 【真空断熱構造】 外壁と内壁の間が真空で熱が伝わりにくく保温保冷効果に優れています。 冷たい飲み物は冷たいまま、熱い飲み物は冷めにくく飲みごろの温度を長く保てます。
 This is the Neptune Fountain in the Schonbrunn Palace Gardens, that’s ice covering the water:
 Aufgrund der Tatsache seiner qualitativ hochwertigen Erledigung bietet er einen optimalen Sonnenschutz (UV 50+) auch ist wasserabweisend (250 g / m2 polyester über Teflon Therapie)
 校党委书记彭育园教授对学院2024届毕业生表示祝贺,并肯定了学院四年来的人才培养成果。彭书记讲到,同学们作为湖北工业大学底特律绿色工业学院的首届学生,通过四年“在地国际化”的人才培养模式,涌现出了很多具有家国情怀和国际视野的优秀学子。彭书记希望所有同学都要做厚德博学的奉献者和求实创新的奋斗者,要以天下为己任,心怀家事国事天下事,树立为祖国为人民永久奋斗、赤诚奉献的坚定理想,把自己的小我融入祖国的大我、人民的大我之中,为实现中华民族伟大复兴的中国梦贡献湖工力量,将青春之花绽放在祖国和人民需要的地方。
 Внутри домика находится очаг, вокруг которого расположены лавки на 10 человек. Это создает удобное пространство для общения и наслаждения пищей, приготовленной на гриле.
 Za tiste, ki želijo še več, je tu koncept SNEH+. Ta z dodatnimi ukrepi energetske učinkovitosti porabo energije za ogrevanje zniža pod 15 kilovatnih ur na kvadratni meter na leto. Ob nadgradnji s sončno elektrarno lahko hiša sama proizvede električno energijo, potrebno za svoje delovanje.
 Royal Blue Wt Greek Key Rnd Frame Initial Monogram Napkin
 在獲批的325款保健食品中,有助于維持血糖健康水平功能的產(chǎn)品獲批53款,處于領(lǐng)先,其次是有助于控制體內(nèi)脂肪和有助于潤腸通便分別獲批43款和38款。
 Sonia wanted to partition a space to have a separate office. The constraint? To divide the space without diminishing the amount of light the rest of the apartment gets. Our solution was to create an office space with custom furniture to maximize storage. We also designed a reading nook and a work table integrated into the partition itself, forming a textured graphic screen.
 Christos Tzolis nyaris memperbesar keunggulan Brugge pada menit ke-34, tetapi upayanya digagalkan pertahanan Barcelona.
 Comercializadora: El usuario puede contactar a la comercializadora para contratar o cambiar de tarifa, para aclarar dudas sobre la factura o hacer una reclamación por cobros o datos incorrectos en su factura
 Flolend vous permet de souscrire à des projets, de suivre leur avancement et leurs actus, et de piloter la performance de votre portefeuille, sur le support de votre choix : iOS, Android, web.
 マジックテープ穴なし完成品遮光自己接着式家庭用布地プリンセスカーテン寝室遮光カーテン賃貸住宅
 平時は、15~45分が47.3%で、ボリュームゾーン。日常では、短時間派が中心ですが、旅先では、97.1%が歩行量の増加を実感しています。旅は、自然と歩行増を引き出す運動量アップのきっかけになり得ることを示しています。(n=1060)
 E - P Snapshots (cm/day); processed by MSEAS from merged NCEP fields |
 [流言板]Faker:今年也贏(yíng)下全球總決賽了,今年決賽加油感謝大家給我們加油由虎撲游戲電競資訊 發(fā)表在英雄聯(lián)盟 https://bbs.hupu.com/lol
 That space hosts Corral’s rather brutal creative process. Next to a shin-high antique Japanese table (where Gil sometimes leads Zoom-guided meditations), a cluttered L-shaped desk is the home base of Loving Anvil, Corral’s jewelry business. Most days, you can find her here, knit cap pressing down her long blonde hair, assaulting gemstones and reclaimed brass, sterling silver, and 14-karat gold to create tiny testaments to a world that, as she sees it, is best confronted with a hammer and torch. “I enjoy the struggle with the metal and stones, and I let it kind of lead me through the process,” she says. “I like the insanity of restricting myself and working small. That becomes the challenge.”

▸ **AIM OF THE TASK**:
Pick out each line in the material containing "space".

▸ **OUTPUT FOR THIS TASK**:
 Sonia wanted to partition a space to have a separate office. The constraint? To divide the space without diminishing the amount of light the rest of the apartment gets. Our solution was to create an office space with custom furniture to maximize storage. We also designed a reading nook and a work table integrated into the partition itself, forming a textured graphic screen.
 That space hosts Corral’s rather brutal creative process. Next to a shin-high antique Japanese table (where Gil sometimes leads Zoom-guided meditations), a cluttered L-shaped desk is the home base of Loving Anvil, Corral’s jewelry business. Most days, you can find her here, knit cap pressing down her long blonde hair, assaulting gemstones and reclaimed brass, sterling silver, and 14-karat gold to create tiny testaments to a world that, as she sees it, is best confronted with a hammer and torch. “I enjoy the struggle with the metal and stones, and I let it kind of lead me through the process,” she says. “I like the insanity of restricting myself and working small. That becomes the challenge.”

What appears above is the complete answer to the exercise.